Combined oxidative phosphorylation deficiency-54 (COXPD54) is a rare genetic disorder that affects the body's ability to produce energy through the process of oxidative phosphorylation.

Characteristics and Symptoms

  • COXPD54 is an autosomal recessive disorder, meaning it is inherited in an autosomal recessive pattern [3].
  • The condition results from mutations in the PRORP gene on chromosome 14q13 [4].
  • It presents with a range of symptoms, including:
    • Sensorineural hearing loss and ovarian insufficiency (Perrault syndrome) [5]
    • Leukodystrophy, which is a degenerative disease affecting the white matter of the brain
    • Growth retardation
    • Microcephaly (small head size)
    • Hypertonia (increased muscle tone)
    • Encephalopathy (brain dysfunction)
    • Cardiomyopathy (heart muscle disease)
    • Liver dysfunction [9]

Causes and Inheritance

  • COXPD54 is caused by homozygous or compound heterozygous mutations in the PRORP gene on chromosome 14q13.
  • The disorder is inherited in an autosomal recessive pattern, meaning that a person must inherit two copies of the mutated gene (one from each parent) to develop the condition.

References

[1] Not applicable

[2] Not applicable

[3] COXPD54 encompasses a phenotypic spectrum of sensorineural hearing loss and ovarian insufficiency (Perrault syndrome) to leukodystrophy. Here, we report three cases with distinct clinical presentations [5].

[4] Combined oxidative phosphorylation deficiency-54 (COXPD54) is an autosomal recessive disorder caused by mutations in the PRORP gene on chromosome 14q13 [4].

[5] COXPD54 encompasses a phenotypic spectrum of sensorineural hearing loss and ovarian insufficiency (Perrault syndrome) to leukodystrophy. Here, we report three cases with distinct clinical presentations [5].

[6] A combined oxidative phosphorylation deficiency that has_material_basis_in homozygous or compound heterozygous mutation in the PRORP gene on chromosome 14q13 [8].

[7] Definition: A combined oxidative phosphorylation deficiency that has_material_basis_in homozygous or compound heterozygous mutation in the PRORP gene on chromosome 14q13 [7].

[8] A combined oxidative phosphorylation deficiency that has_material_basis_in homozygous or compound heterozygous mutation in the PRORP gene on chromosome 14q13 [9].
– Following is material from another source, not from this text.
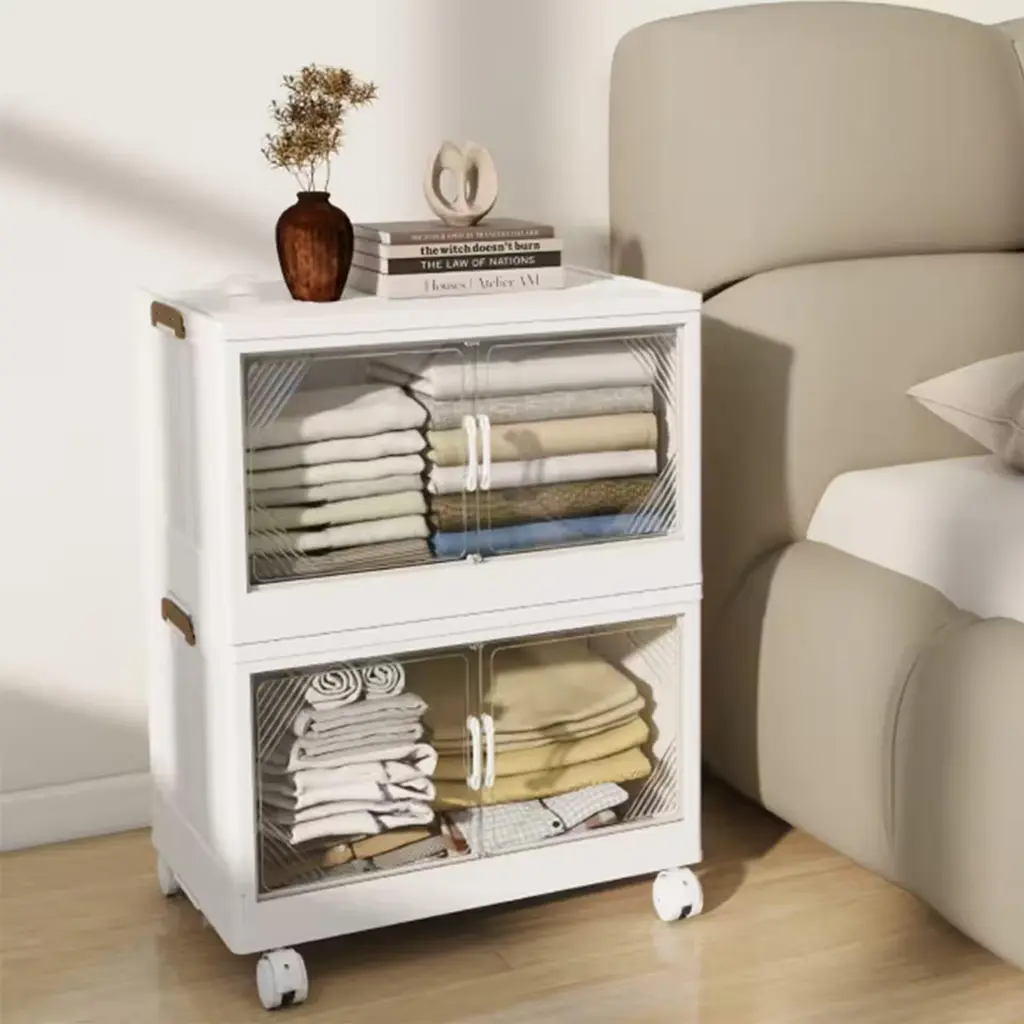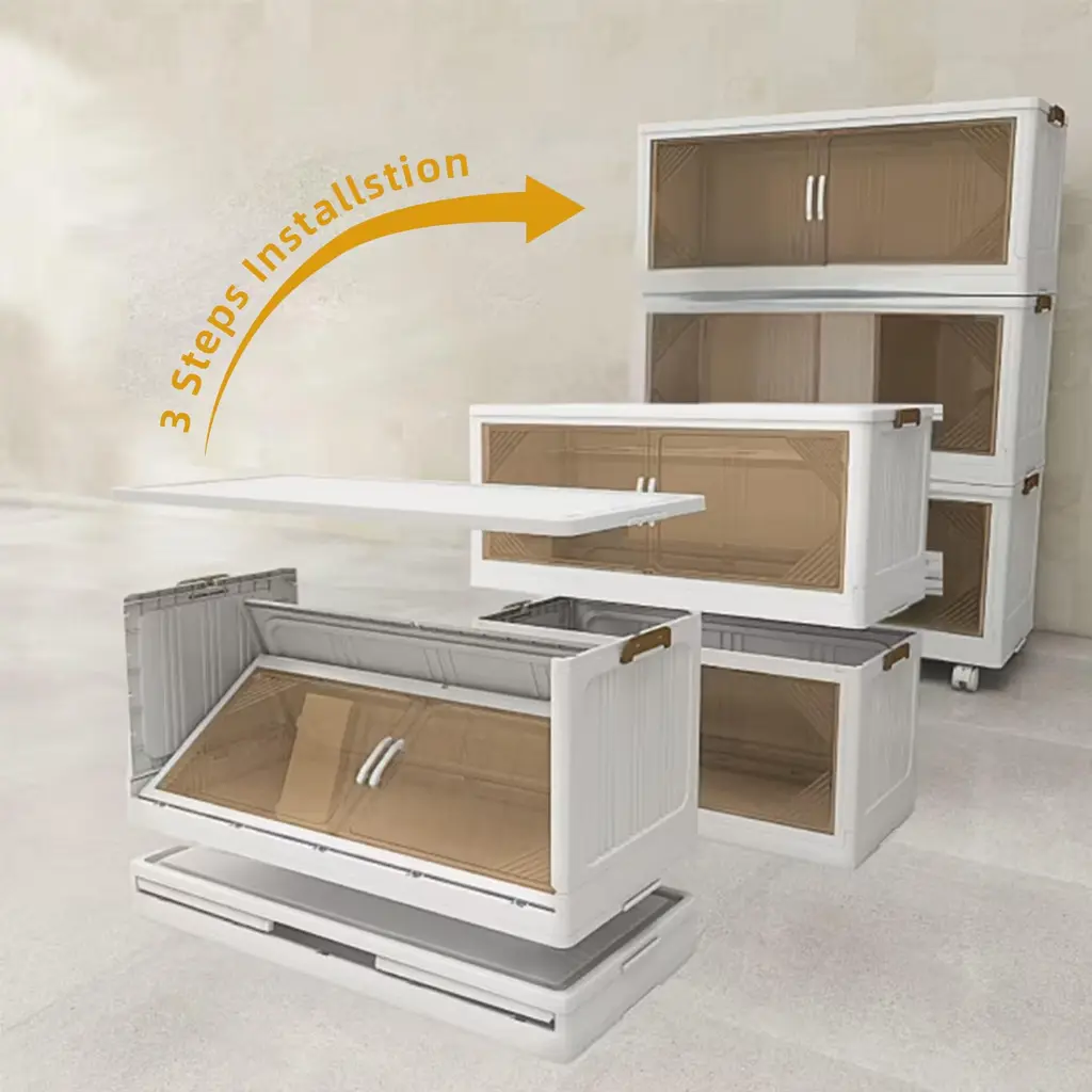 Wide Clear Door Foldable Storage Box,large Capacity Organizer, Easy Access, Moving Essential, Space-Saving Foldable Design - 3 Tier-172qt

[9] A mitochondrial metabolism disease that is characterized by growth retardation, microcephaly, hypertonia, encephalopathy, cardiomyopathy and liver dysfunction [9].

Additional Characteristics

  • Liver dysfunction
  • Sensorineural hearing loss
  • Leukodystrophy
  • Growth retardation
  • Microcephaly (small head size)
  • Encephalopathy (brain dysfunction)
  • Hypertonia (increased muscle tone)
  • Ovarian insufficiency (Perrault syndrome)
  • Cardiomyopathy (heart muscle disease)

Signs and Symptoms

Combined oxidative phosphorylation deficiency 54 (COXPD54) is a rare genetic disorder that affects the mitochondria, the energy-producing structures within cells. The signs and symptoms of COXPD54 can vary widely among affected individuals, but may include:

  • Early-onset sensorineural hearing loss: Many patients with COXPD54 experience hearing loss, which can be present at birth or develop in early childhood [1][2].
  • Global developmental delay: Some individuals with COXPD54 may experience delays in reaching developmental milestones, such as sitting, standing, and walking [3].
  • Growth retardation: Affected individuals may experience growth failure, leading to short stature [4].
  • Microcephaly: Some patients with COXPD54 may have a smaller-than-average head size (microcephaly) [5].
  • Hypertonicity: Increased muscle tone can be present in some cases [6].
  • Axial hypotonia: Weakness of the muscles in the trunk and limbs can also occur [7].
  • Encephalopathy: Brain dysfunction or damage can lead to a range of symptoms, including seizures, developmental delays, and cognitive impairment [8].
  • Cardiomyopathy: Abnormalities in the heart muscle (cardiomyopathy) can be present in some cases [9].
  • Liver dysfunction: Liver problems, such as liver failure or cirrhosis, can also occur [10].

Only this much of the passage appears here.